Ah, the fun of cleaning up a bunch of old boxes. You never know what treasures you might stumble upon.

People often ask me how long have I been a photographer. I can’t really remember a time that I wasn’t. I covered 3 Super Bowls when they were still in single digits.

My father was a well known camera repairman in the Dallas area. I worked with him for a short time when I was a young teenager. That was a treasure in itself. He knew most of the well known area photographers, they came to him to get his help and advice. One of my favorite customers was Jim Laughead. He was a real character. He always donned a wide brimmed fedora and a red vest. He carved out a niche for himself photographing all the major college and professional football teams across the United States.

He asked me what I wanted to do for a living and I told him I wanted his job. He asked if I was interested in football photograph and I said yes. He invited me to come to a Dallas Cowboy game with him. He gave me and my dad sideline passes to come watch the Cowboys play against the New York Giant at the old Cotton Bowl on December 1, 1963. I was fifteen years old.

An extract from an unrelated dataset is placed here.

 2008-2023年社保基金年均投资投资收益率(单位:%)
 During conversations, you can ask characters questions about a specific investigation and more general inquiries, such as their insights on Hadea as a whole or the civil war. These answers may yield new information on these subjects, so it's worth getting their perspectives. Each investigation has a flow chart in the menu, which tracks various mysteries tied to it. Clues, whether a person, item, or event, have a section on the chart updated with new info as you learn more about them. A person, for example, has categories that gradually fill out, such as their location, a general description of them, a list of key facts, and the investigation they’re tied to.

I got to watch Sam Huff, Y A Tittle (in his hi-tops in 2nd pic), Frank Gifford, Don Meredith, Eddie Lebaron, Bob Lilly, Cornel Green, Jerry Tubbs and Chuck Howley and of course Tom Landry in his iconic fedora.

I had only a twin lens Rolleiflex to shoot with, but it was more the being there. That was one perfect day, even if the Cowboys lost.

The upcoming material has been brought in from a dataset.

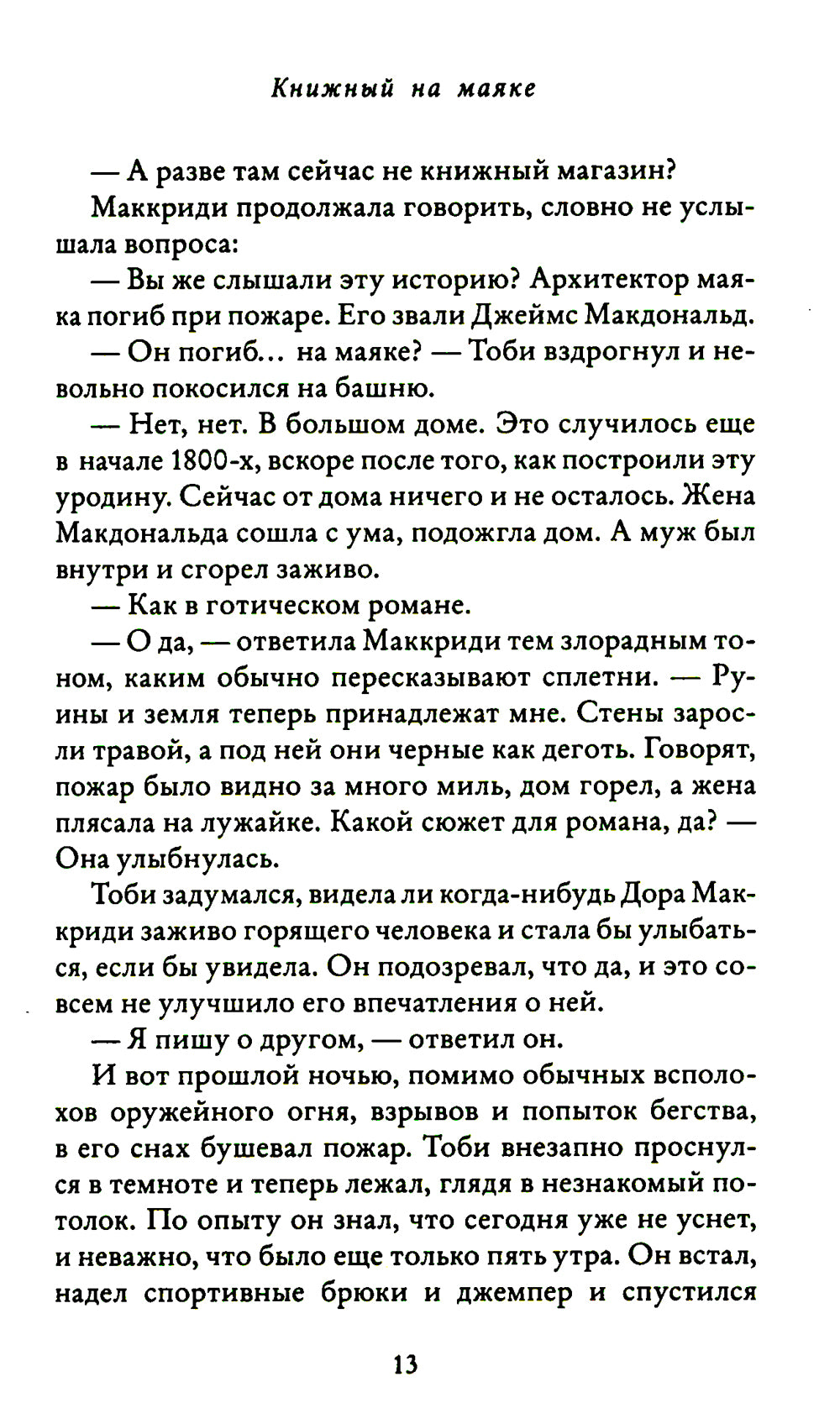 Ньютон-Данбар, маленький городок, спрятавшийся в долине среди гор на северо-востоке Шотландии, известный как маяком, который двести лет назад устроился рядом со своим домом, местный землевладелец, хотя до моря отсюда совсем не близко. Сейчас в нем находится единственный на многие мили вокруг книжного магазина — центр притяжения для любителей чтения, уютной атмосферы, теплых беседок и хорошего кофе. Управляющая книжным и живущая на верхнем этаже маяка Рэйчела приехала сюда пять лет назад, сбежав от мужа-садиста и решив начать новую жизнь, — и обрела любимую работу и место, которое занимала теперь его дом. После внезапной смерти владельца маяка ей пришлось начать переговоры с нечестными дельцами и неблагоприятными обстоятельствами, чтобы преступники спасли книжный маяке, который занял решающее место в жизни многих близких ей людей...

It was almost as much fun coming across a few of the photos I took that day.

You can visit the past, you just can’t stay there. en theos ††† jim


  1. Jim, I remember those days very well. Three of our Mac teammates (Kerry, Jimmy and I think, Jackie) and I went to the Salesmanship Club Pregame in August of ’64, not long after you took those pictures. We got to see the Cowboys beat the Packers for the first time ever. It was a wonderful time, but I really only remember our after game festivities. As you probably remember, after the game in those days you could go just outside the locker room and get autographs of the players. We were all in awe of the Packers, cause our “Boys” had not yet come into fruition, even though they had performed well that evening. So, we were outside the Packer locker room and got several autographs from Packer greats: Bart Starr, Fuzzy Thurston, Jerry Kramer, Paul Horning and more. When we all were disappointed when Paul Horning lit up a cigarette, we looked over to the Packer team bus and saw Vince Lombardi sitting in the bus, appearing to be stewing over the loss. They guys dared me, and crazy kid that I was, I went on to the Packer team bus and asked Vince for his autograph. He kind of sneered at me, but he did not throw me off the bus and signed my program. What a great moment in my personal history.

    The sequel to this story was a few years ago I found that program, which my Dad had bought me for 50 cents that warm day in August. My wife and I were needing some cash at the time, so I decided to sell it. I still have all the scans of the program, so it is still with me any time I want to see it. I have never been one to have a bunch of things like that hanging around anyhow. A big Packer fan bought it from me for $800, which was probably a bargain. Thanks for posting and sharing those great memories, Jim.